3. Experimental Results and Analysis

The unimodal ROC curves in Figure 5(a) show that the FSVC financial statement visualization charts have an FRR of about 0.08 at low FAR, which gradually decreases as FAR increases, reflecting its capability to capture directional risk in trend-type charts; the FBDI financial business bill images have an FRR of 0.04 at FAR=0.01 with a smooth curve, indicating stability in compliance risk identification of bill details; the EFMMI mixed-modal images have the lowest initial FRR but performance degrades at high FAR, reflecting the initial filtering advantage of mixed features. Among the three, FBDI exhibits the best unimodal performance, while FSVC and EFMMI complement each other in different FAR intervals.

(a) ROC for unimodal

(b) ROC for multimodal recognition

Figure 5. Comparison of financial risk identification results using different modality combinations

In the multimodal combinations shown in Figure 5(b), the three-modal fusion FSVC-FBDI-EFMMI achieves an FRR of only 0.005 at FAR=0.01, significantly lower than bimodal combinations, and maintains below 0.005 at FAR=0.03, much better than bimodal fusions.
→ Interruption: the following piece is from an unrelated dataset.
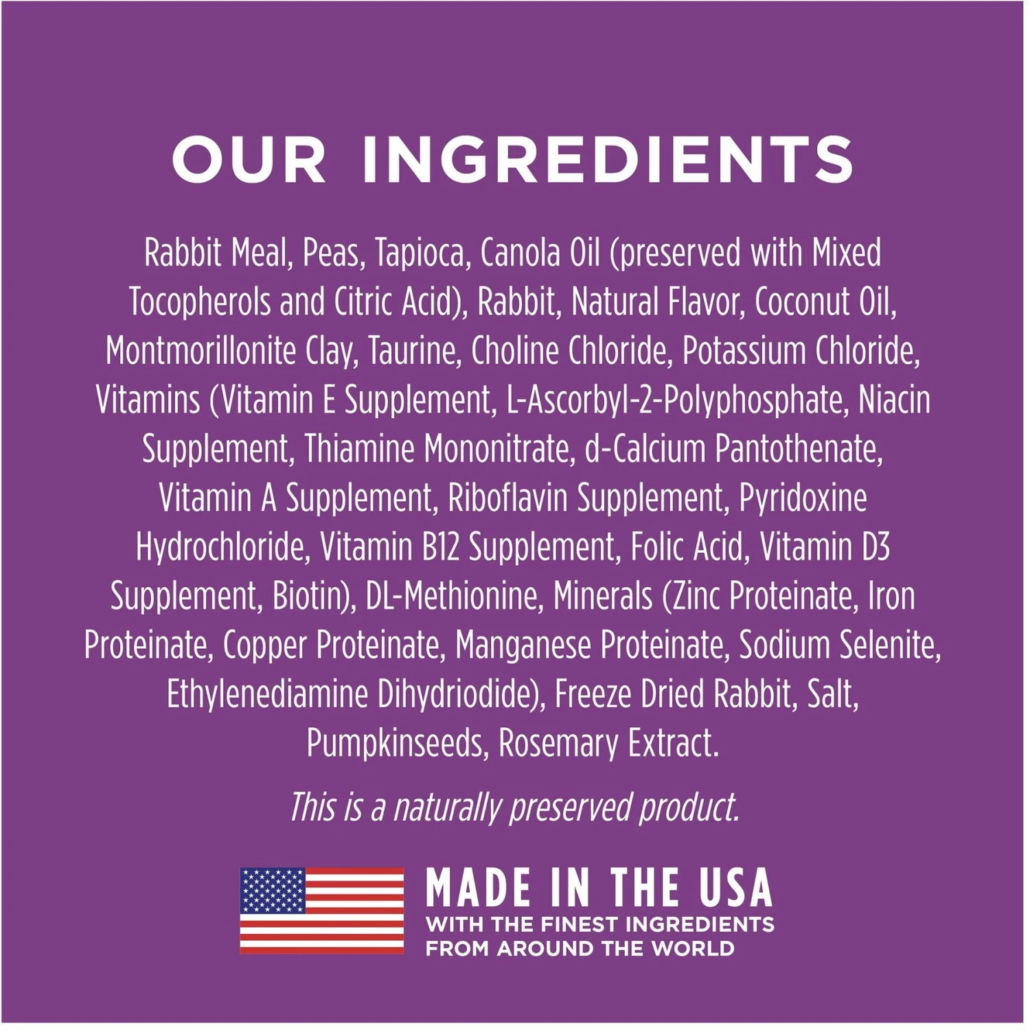 - Made with farm-raised rabbit, an easily digestible protein that provides all the essential amino acids your kitty needs.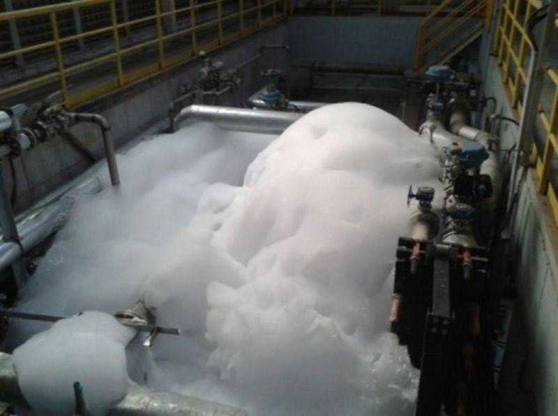 泥沙清洗消泡劑是由改性聚醚、脂化類和無機物質,采用特殊工藝精制而成的消泡劑,主要是為了解決水循環(huán)沖洗泥沙過程中產生的泡沫,也適用于泥水分離清洗階段,使用絮凝劑后污泥沉淀產生的泡沫,消泡穩(wěn)定且迅速,抑泡時間久,有效提高生產效率

This indicates that multimodal encoding fusion, by integrating directional and non-directional strategies, achieves dual improvements in risk identification accuracy and robustness: the directional strategy enhances spatial localization of trend risks, while the non-directional strategy ensures balanced encoding of bill details and mixed features. Their synergy makes the three-modal fusion perform excellently across the entire FAR range, verifying the scheme’s advantage in multidimensional feature complementarity.
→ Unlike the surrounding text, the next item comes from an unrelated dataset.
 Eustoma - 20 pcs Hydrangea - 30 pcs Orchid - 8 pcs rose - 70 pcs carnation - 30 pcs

Table 1. Comparison of financial risk identification performance with different fusion methods

Modality Combination

Equal Error Rate (×10-2)

FSVC

1.25

FBDI

6.27

EFMMI

1.78

FSVC-FBDI

0.73

FSVC-EFMMI

0.51

FBDI-EFMMI

0.64

FSVC-FBDI-EFMMI

0.27

The equal error rate data in Table 1 clearly shows the impact of modality combinations on financial risk identification accuracy. Among unimodal modalities, FSVC, leveraging directional encoding to capture report trend directions, performs excellently in trend-type risk identification; FBDI, focusing on bill details via non-directional encoding, has relatively lower unimodal performance, but its fusion with FSVC reduces the equal error rate by 48.8%, reflecting preliminary complementarity between directional and non-directional features. EFMMI, as a mixed modality integrating multidimensional financial features, further improves performance when fused with FSVC, indicating the enhancing effect of mixed features on trend directions. The three-modal fusion FSVC-FBDI-EFMMI has an equal error rate only 4.3% of unimodal FBDI, and reduces 47.1% compared with the best bimodal combination FSVC-EFMMI. This data shows that directional encoding precisely locates trend risks, non-directional encoding comprehensively preserves details, and their combination enables deep fusion of risk features at the encoding layer, avoiding blind spots of unimodal features. The gradual decrease of equal error rate from unimodal to bimodal to trimodal verifies effective utilization of feature redundancy across modalities. FSVC’s trend directions, FBDI’s bill details, and EFMMI’s mixed features form a “direction-detail-multidimensional” stereoscopic coverage in risk identification, significantly improving model adaptability to complex financial scenarios.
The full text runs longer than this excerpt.